Task description =>
Would you retype exactly the lines below, starting with the one that has "The fast responses" and going on through the one that has "the boats. | |", with no pictures and nothing else?

Excerpted records =>
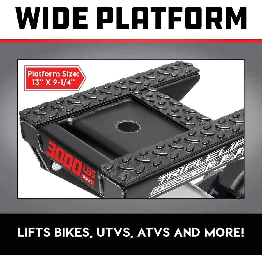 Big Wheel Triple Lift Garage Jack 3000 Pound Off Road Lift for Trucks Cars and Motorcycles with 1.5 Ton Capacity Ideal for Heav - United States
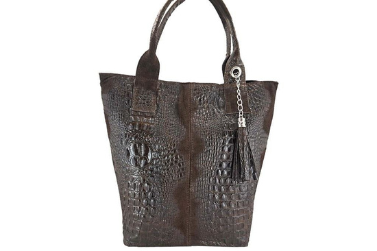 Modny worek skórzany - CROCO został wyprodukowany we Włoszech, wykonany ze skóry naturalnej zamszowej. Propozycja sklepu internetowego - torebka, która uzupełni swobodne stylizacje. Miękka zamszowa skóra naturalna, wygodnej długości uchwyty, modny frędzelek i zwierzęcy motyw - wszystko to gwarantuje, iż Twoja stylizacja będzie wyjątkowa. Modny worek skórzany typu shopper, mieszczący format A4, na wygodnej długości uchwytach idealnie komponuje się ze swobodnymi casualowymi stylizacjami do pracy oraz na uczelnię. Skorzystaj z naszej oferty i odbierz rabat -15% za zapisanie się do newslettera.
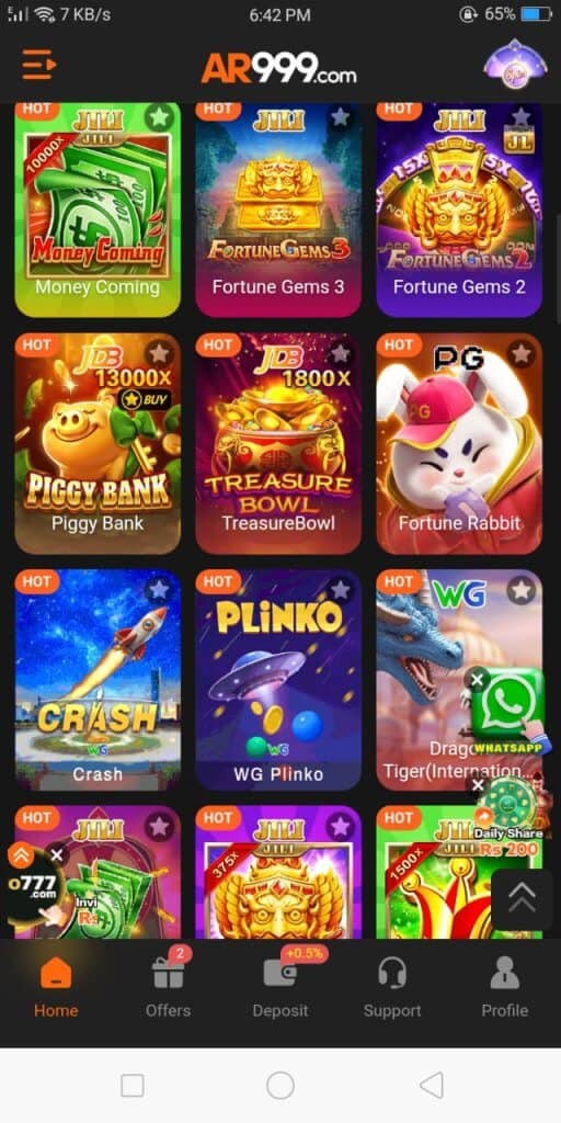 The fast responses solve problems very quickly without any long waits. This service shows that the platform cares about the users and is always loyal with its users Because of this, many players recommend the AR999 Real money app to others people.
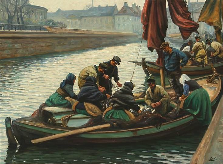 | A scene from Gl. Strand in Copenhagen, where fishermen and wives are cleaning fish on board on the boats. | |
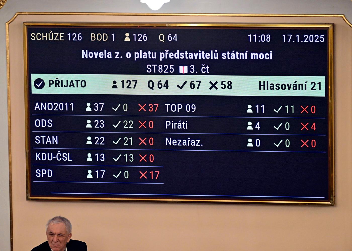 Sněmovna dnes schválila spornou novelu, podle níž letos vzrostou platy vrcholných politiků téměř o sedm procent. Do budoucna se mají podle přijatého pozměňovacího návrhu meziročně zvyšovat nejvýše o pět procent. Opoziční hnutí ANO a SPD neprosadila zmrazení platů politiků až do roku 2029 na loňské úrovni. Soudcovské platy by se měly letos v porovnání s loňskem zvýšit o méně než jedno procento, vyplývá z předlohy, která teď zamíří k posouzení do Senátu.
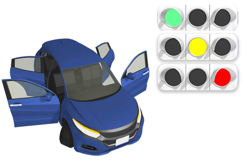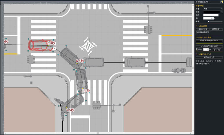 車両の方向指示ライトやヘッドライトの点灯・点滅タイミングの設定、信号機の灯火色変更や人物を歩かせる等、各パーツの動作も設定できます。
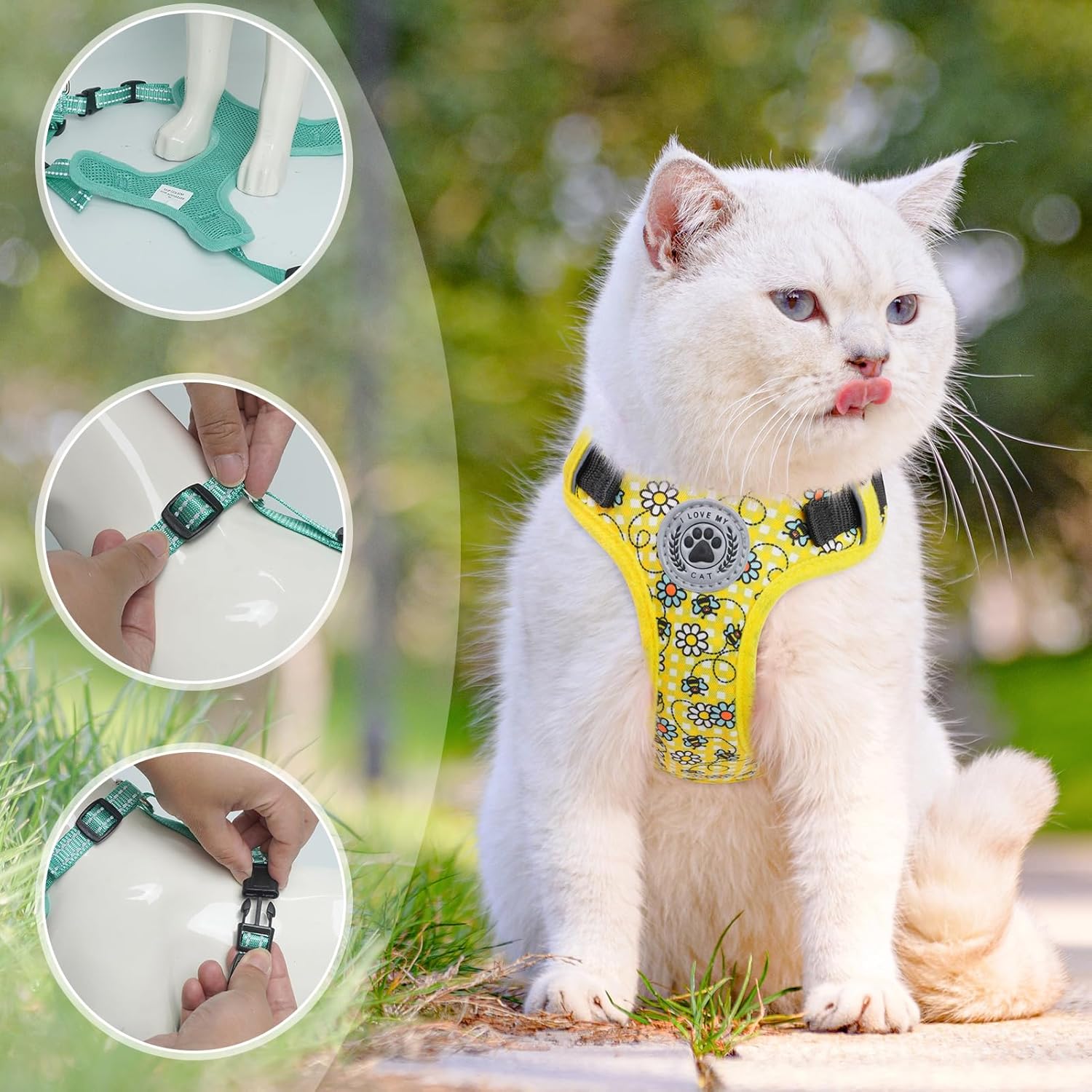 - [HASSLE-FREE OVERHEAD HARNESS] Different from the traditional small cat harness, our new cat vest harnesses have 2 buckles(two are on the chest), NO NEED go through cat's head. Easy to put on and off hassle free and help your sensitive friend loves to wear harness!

Exercise response =>
 The fast responses solve problems very quickly without any long waits. This service shows that the platform cares about the users and is always loyal with its users Because of this, many players recommend the AR999 Real money app to others people.
 | A scene from Gl. Strand in Copenhagen, where fishermen and wives are cleaning fish on board on the boats. | |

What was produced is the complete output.